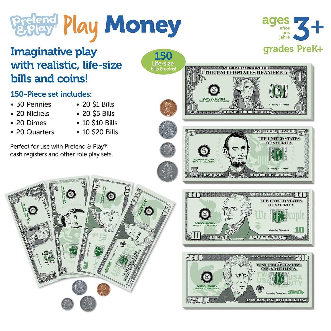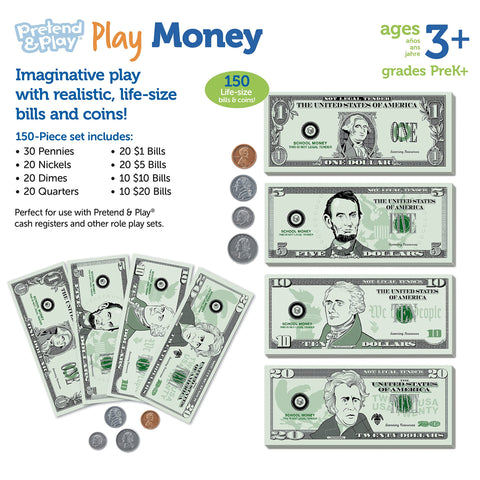 Learning Resources Pretend Play Money - 150 Pieces, Ages 3+ Play Money for Kids, Pretend Money for Kids, Play Money Set, Money and Banking Play Toys, Toddler Learning Toys,Easter Basket Stuffers Sale
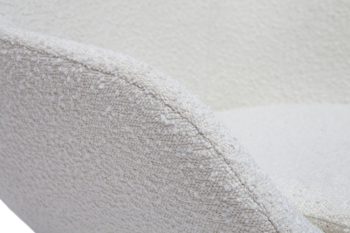 Habillé d'un superbe tissu effet laine bouclée écru, MAYNE participe pleinement à l'écriture d'une ambiance ultra chaleureuse. Douce et réconfortant par essence, ce revêtement molletoneux épouse joliment les courbes de cette assise au design unique.
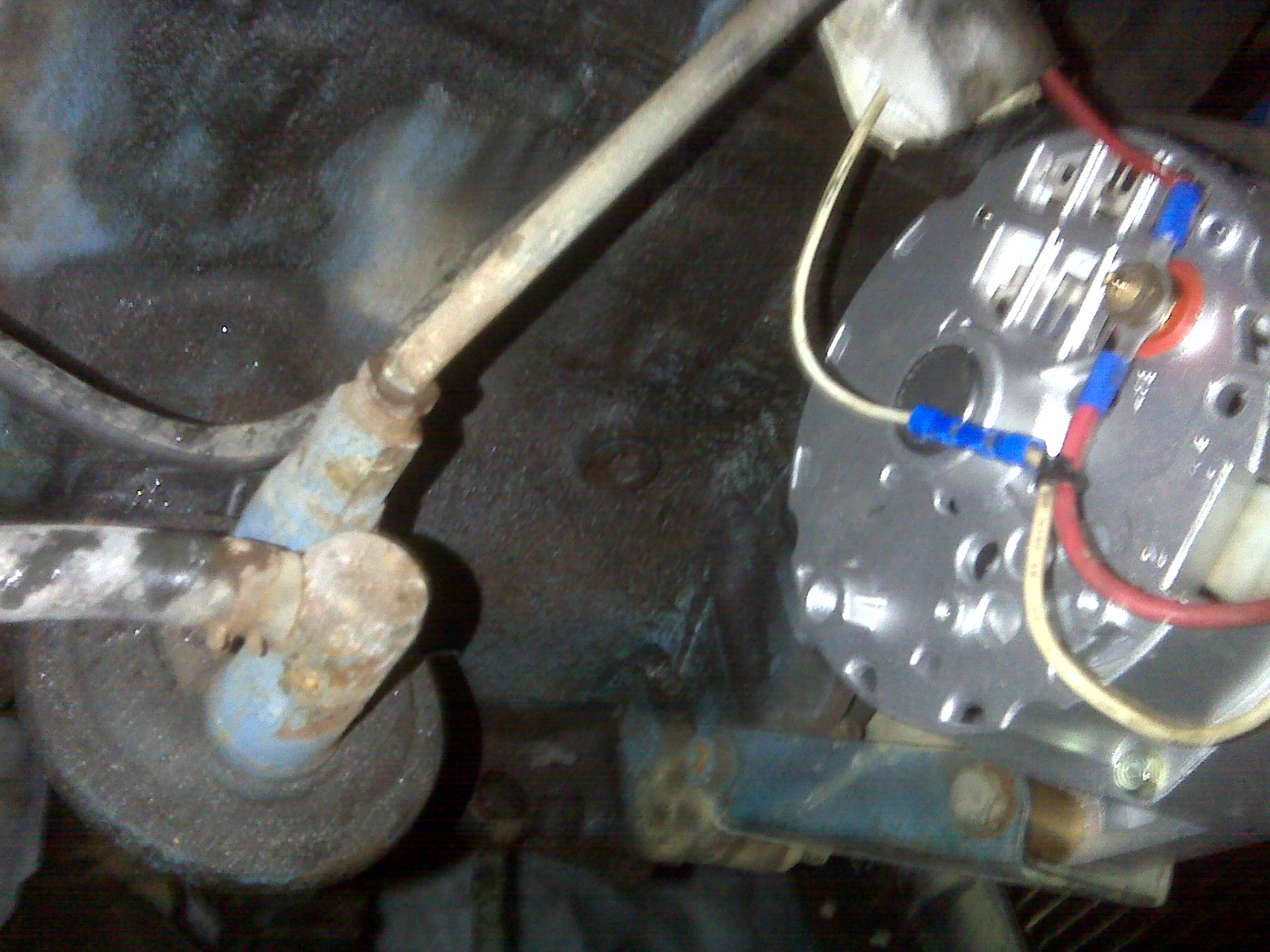 Okay. I'm bad with wiring for the most part. I can repeat what I see, but I can't come up with answers very well. But here goes. There is a two pronged plug. Two wires lead into it. One of the wires comes FROM the plug and leads TO the post on the back of the alternator. A wire also leads AWAY from said post (I believe to the battery?) This is the one that was broken. Luckily, since someone else has rewired most of this CJ5 before, MOST wires are red. Grrrrr.
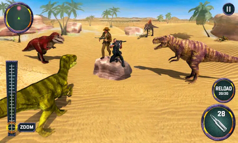 狙击界扛把子游戏是一款能让玩家真实体验射击狩猎的游戏,游戏中,玩家将在丛林中进行冒险,随处可见的恐龙以及其它一些生物都是潜在的危险,你要做的就是找到目标,以最快速度射杀,然后快速退出丛林,否则等待你的将是死亡的结果。狙击界扛把子游戏内,强大的射击技术,能给你带来非常大的帮助,感兴趣的朋友快来体验吧!
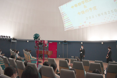 「第2回中等部オープンスクール」を開催しました。今回も新型コロナウイルス対策のため、3密をさけての開催となりました。授業体験・クラブ体験のほか、今回児童対象の説明会を「プラネタリウム」で行いました。プラネタリウムで非日常の空間を体験し、児童の皆さんが楽しんでいる様子を見て、とてもうれしく思いました。ご来校くださいましてありがとうございました。次回の入試説明会、10月16日(土)も皆様のご来校をお待ちしております。
****
**EXERCISE REQUIREMENTS**:
After dropping the pictures, reproduce exactly the lines from the first line of the entries through the line containing "Habillé d'un superbe", both included.

**ANSWER BOX**:
 Learning Resources Pretend Play Money - 150 Pieces, Ages 3+ Play Money for Kids, Pretend Money for Kids, Play Money Set, Money and Banking Play Toys, Toddler Learning Toys,Easter Basket Stuffers Sale
 Habillé d'un superbe tissu effet laine bouclée écru, MAYNE participe pleinement à l'écriture d'une ambiance ultra chaleureuse. Douce et réconfortant par essence, ce revêtement molletoneux épouse joliment les courbes de cette assise au design unique.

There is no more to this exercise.